Proteins are the fundamental nanomachines of living organisms, carrying out countless functions within the biological cycle of the cell. Every second, millions of proteins are produced in the form of chains made up of different amino acids. However, to function properly, these chains must fold back on themselves in the correct way, acquiring a specific three-dimensional shape that enables them to perform their biological role.
It is also well known that, to trigger specific biochemical processes, the cell can chemically modify the structure of already folded proteins by using molecules called “enzymes” that act on precise points on their surface.
A new study has discovered a previously unknown mechanism: chemical modification of proteins can occur during the folding process itself, not just afterward. This phenomenon may play an important role in the mechanisms that lead to various human diseases, including cancer.

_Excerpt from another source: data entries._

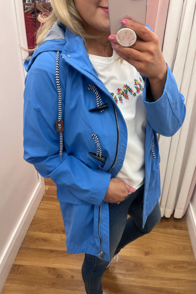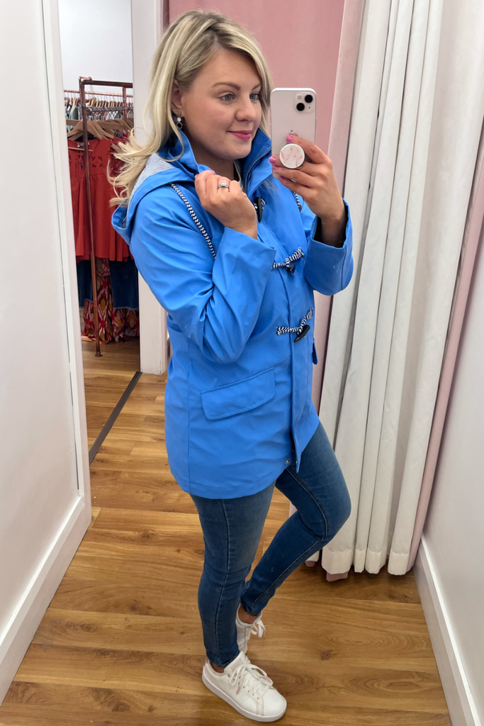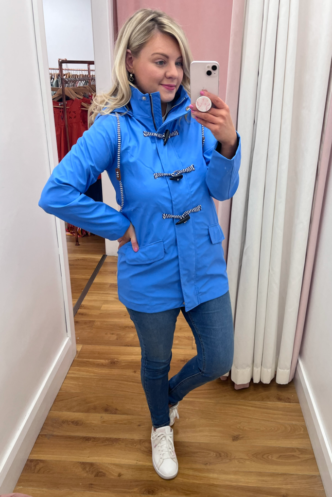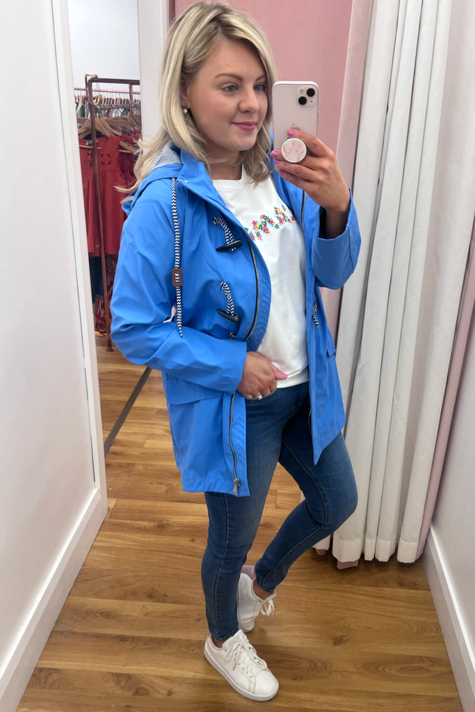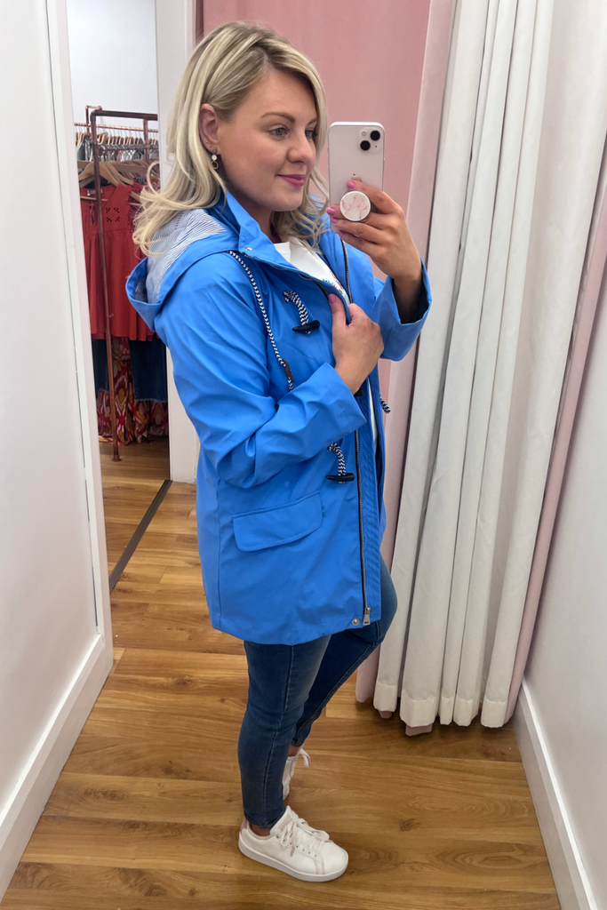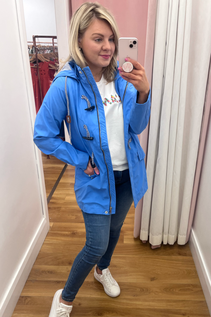 This bright and beautiful rain mac is an Irish weather essential no matter the season! It is a shower resistant PU coated style and is fully lined.
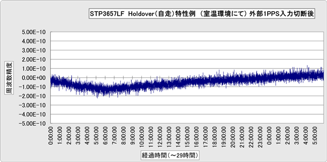 外部1PPS入力が切断されると、内部のOCXOで補正された温度特性および経年変化特性で
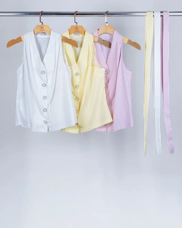 A simplicidade sofisticada que nunca sai de moda. A regata em tricoline traz o frescor do algodão com a modernidade da cava americana, valorizando os ombros de forma delicada. Os botões frontais reforçam o ar atemporal da peça, enquanto a faixa solta para amarração permite marcar a cintura ou criar diferentes amarrações, deixando o look versátil e cheio de personalidade.
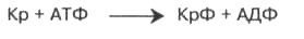 В мышечных клетках всегда имеется креатинфосфат – соединение, содержащее фосфатную группу, связанную с остатком креатина макроэргической связью. Содержание креатинфосфата в мышцах в покое -15-20 ммоль/кг. Креатинфосфат обладает большим запасом энергии и высоким сродством к АДФ. Поэтому он легко вступает во взаимодействие с молекулами АДФ, появляющимися в мышечных клетках при физической работе в результате гидролиза АТФ. В ходе этой реакции остаток фосфорной кислоты с запасом энергии переносится с креатинфосфата на молекулу АДФ с образованием креатина и АТФ:
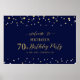 Bem-vindos aos seus convidados a um dia especial de celebração com este na moda de ouro e marinho de sinal azul de boas-vindas. Este poster apresenta a tipografia moderna" Bem-vindo ao 70 Birthday" e um design de confetti hexagon. Você pode personalizar o nome e a data. Convites e suprimentos de festa estão disponíveis no meu compro BaraBomDesign.
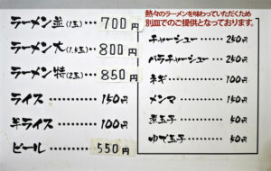 備考:みんみんラーメン出身。八王子市松木30-13-2-103より移転。煮玉子がある。ゆで玉子は殻付。
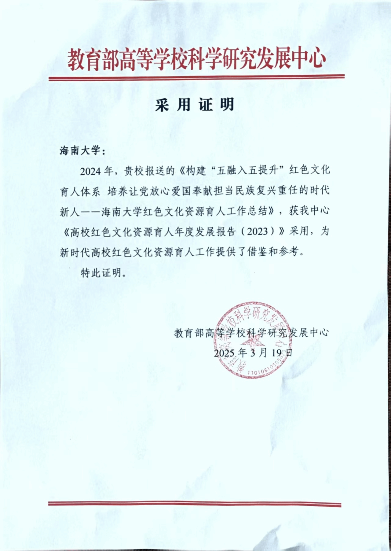 本站讯(通讯员 李布明)近日,sunbet申搏官方网站报送的《构建“五融入五提升”红色文化育人体系 培养让党放心爱国奉献担当民族复兴重任的时代新人 —— sunbet申搏官方网站红色文化资源育人工作总结》被教育部高等学校科学研究发展中心采用,入选《高校红色文化资源育人年度发展报告(2023)》。这是sunbet申搏官方网站红色文化资源育人成果首次入选该报告。近年来,sunbet申搏官方网站认真学习贯彻习近平文化思想和习近平总书记“要把红色资源利用好、把红色传统发扬好、把红色基因代代传承好”...

In particular, the research focused on a chemical modification called phosphorylation, which typically regulates protein activity. The study shows that if phosphorylation affects hidden points within the protein’s structure, it can disrupt the folding process, effectively “marking” the protein for rapid degradation.
The study is the result of a collaboration between the team of Emiliano Biasini, biochemist in the Department of Cellular, Computational and Integrative Biology (CIBIO) at the University of Trento, and that of Pietro Faccioli, expert in computational biophysics at the University of Milano-Bicocca and affiliated with the National Institute for Nuclear Physics (INFN).
The article was published in the scientific journal EMBO Journal.